La nécessaire articulation avec les conventions fiscales

En présence d’une convention fiscale, le droit d’imposer est généralement exclusivement attribué à l’État du cédant, rendant inopérant le dispositif de droit interne d’imposition des transferts indirects, sauf si (compte tenu de la nature des droits cédés) des articles spécifiques permettent l’application du dispositif ; il s’agit notamment de savoir si : (i) les actifs/titres en cause répondent à la définition de biens immobiliers (imposables au lieu de situation) ou de titres de société à prépondérance immobilière ; (ii) la convention prévoit une clause de participation substantielle.

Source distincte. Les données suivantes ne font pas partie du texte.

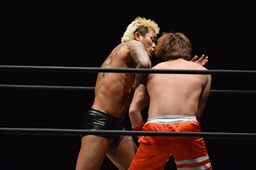 イサミ組み付く、坂口また投げ捨てる(右写真)。
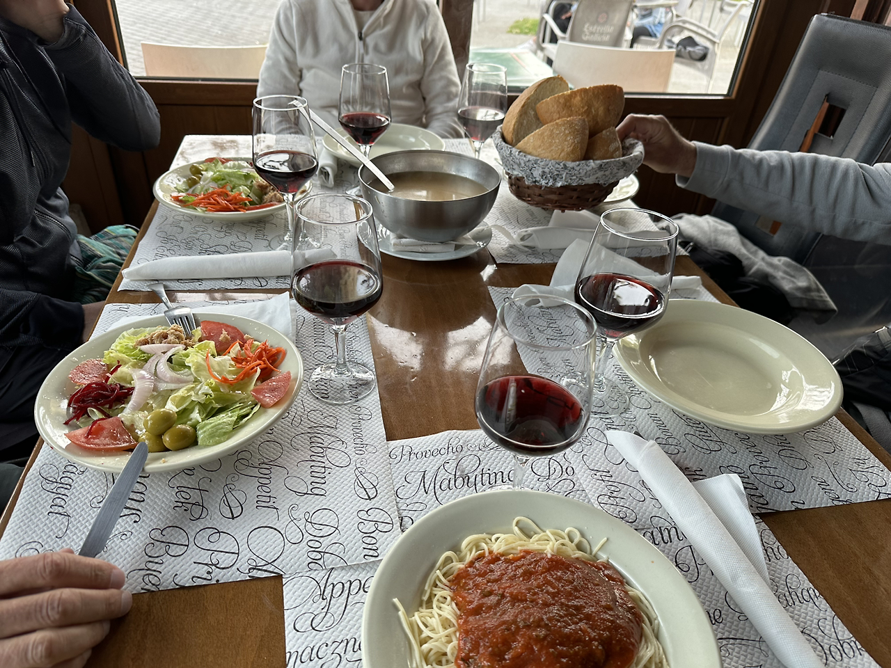 음식 주문할 때 6명이 주문할 메뉴를 취합했는데 칭찬받았다. 생일자의 특권이다. 각자 와인 한 잔씩 따르고 순례자들이 생일축하 노래를 크게 불러줬다. 사실 처음 본 사이인 분들이 많은데, 진심으로 축하해 줘서 고마웠다. 어제 숙소에서 같이 저녁을 먹은 두 명이 또 같은 숙소라 반가웠다.

En matière de droits d’enregistrement

Les transferts indirects d’actifs peuvent également être soumis aux droits d’enregistrement (cf art.583 du CGI gabonais) aux taux prévus pour les cessions de valeurs mobilières, les cessions immobilières ou de fonds de commerce selon la qualification prévue en droit interne.

Sur l'auteur
François Nouvion est avocat au cabinet Nouvion Avocats. Ce dernier regroupe des experts en fiscalité internationale, intervenant en particulier dans le secteur de l’énergie et des infrastructures. Son savoir-faire est le fruit d’une expérience acquise en France mais également sur le continent africain où ses membres ont exercé localement plusieurs années en tant que conseils.